Could someone explain how imbalance should be computed?


1 Answer 1


Compute the dB of each and then subtract the two to get the difference in dB which should be very small. You can get the same result from converting the ratio of the two to dB directly.

For dB of voltage quantities of AC sources that are arbitrary waveforms you would use the rms value, so the difference between two different sources in dB using both approaches would be:

$$20Log_{10}(A_1) - 20Log_{10}(A_2)$$


Where $A_1$ is the rms value for source 1 and $A_2$ is the rms value for source 2. The rms value can never be negative or complex. Since we are using a ratio, if the two waveforms are similar (both sinusoids for example), then any other consistent metric of amplitude could be used, such as peak amplitude instead of rms).

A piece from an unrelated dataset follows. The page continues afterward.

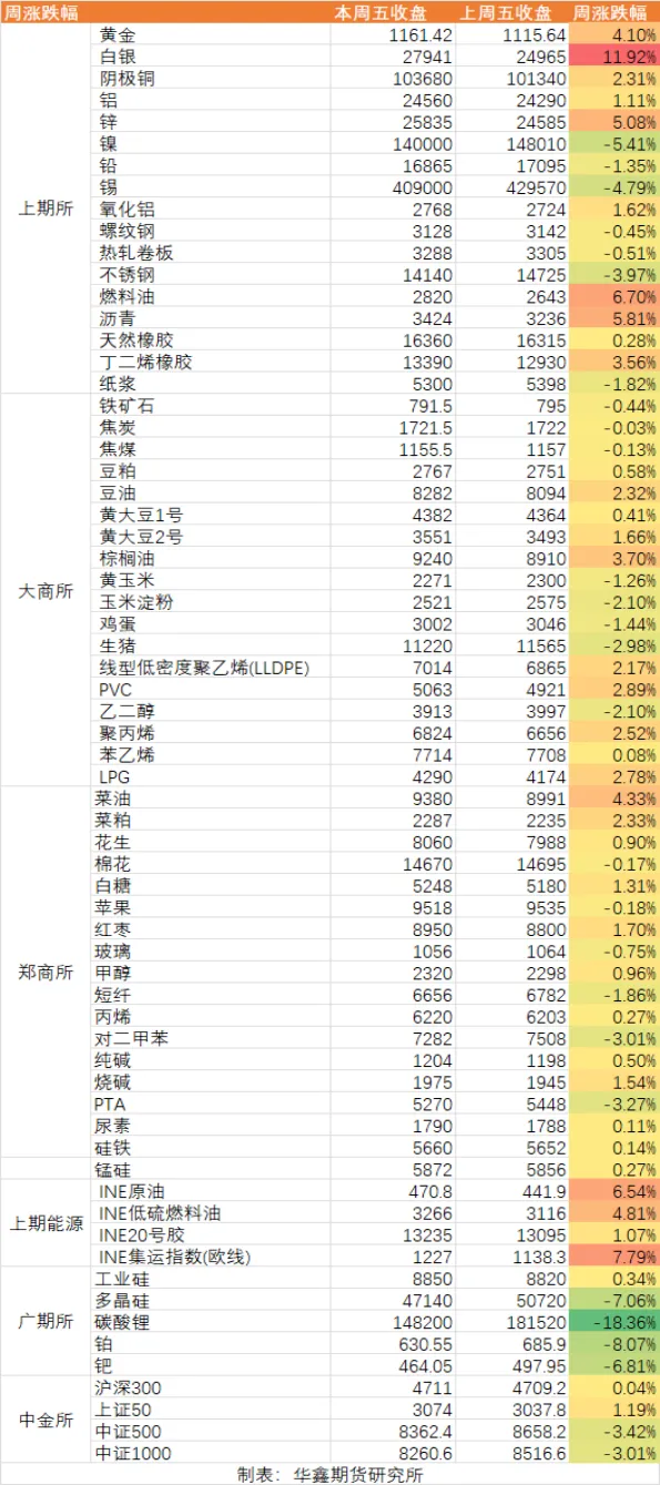 表1: 本周国内主要商品涨跌统计 数据来源 文华财经 华鑫期货研究所

From the link the OP gave, the intention here is to derive an amplitude and phase imbalance specification and for that the relationship between SNR and imbalance is that the SNR will be the normalized error vector. For example, if the error vector normalized to ideal was 0.1 radians, the SNR would be $20Log_{10}(0.1) = 20$ dB. For small angle the amplitude error and phase error would have the same effect, so if the error vector was 0.1 due to amplitude imbalance, we would also get a 20 dB SNR. (Universally, it is the magnitude of the error vector). An error vector of 0.1 dB is an amplitude imbalance of $20Log_{10}(1\pm 0.1) = +0.8$ or $-0.9$ dB.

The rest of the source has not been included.